Exercise brief |
Output the listing exactly as written, apart from its pictures.

Available data |
- Opening Delimiter -

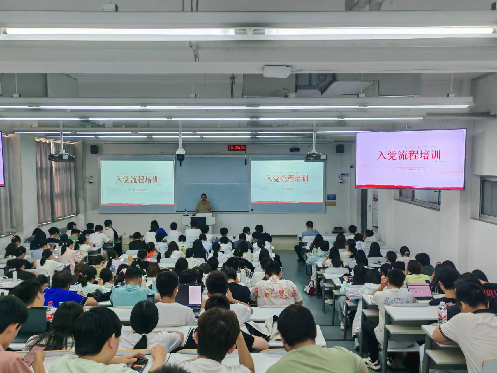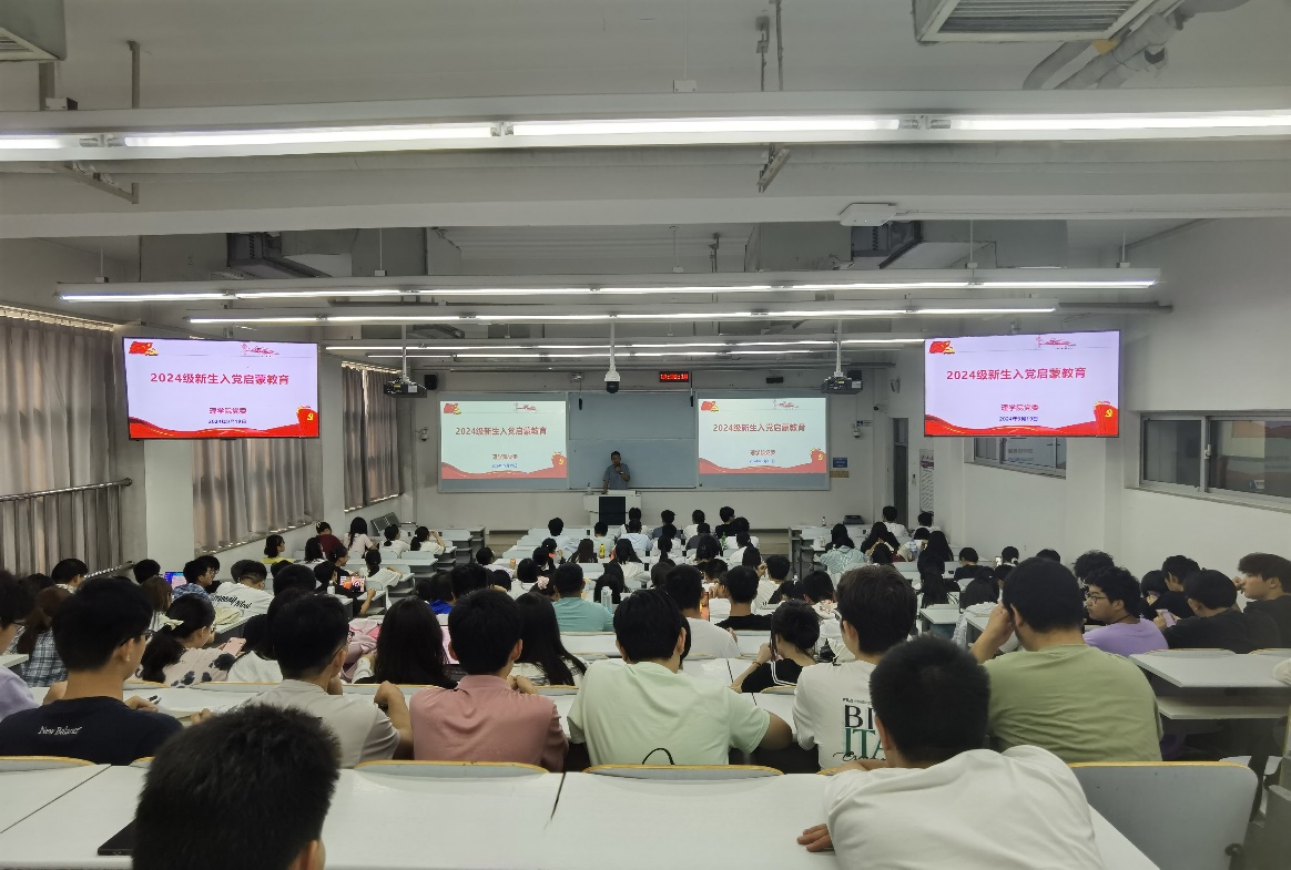 9月19日下午,公司党委在瀚学楼0208开展2024级新生入党启蒙教育。党支部书记代表、新生辅导员、党务秘书和全体2024级新生参加了教育活动。
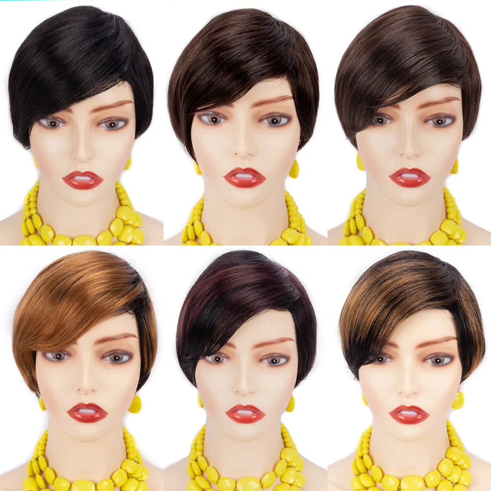Прямые короткие парики "Пикси" из натуральных черных волос Реми, сделанные на машине из бразильских человеческих волос, с малышкой для женщин.
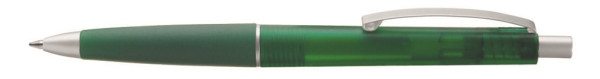 Druckkugelschreiber mit transparent gefrostetem Gehäuse, Gummigriffzone und geschwungenem Metallclip. Drücker, Zierring und Spitze in matt silber.

- Closing Delimiter -

Exercise answer |
 9月19日下午,公司党委在瀚学楼0208开展2024级新生入党启蒙教育。党支部书记代表、新生辅导员、党务秘书和全体2024级新生参加了教育活动。
Прямые короткие парики "Пикси" из натуральных черных волос Реми, сделанные на машине из бразильских человеческих волос, с малышкой для женщин.
 Druckkugelschreiber mit transparent gefrostetem Gehäuse, Gummigriffzone und geschwungenem Metallclip. Drücker, Zierring und Spitze in matt silber.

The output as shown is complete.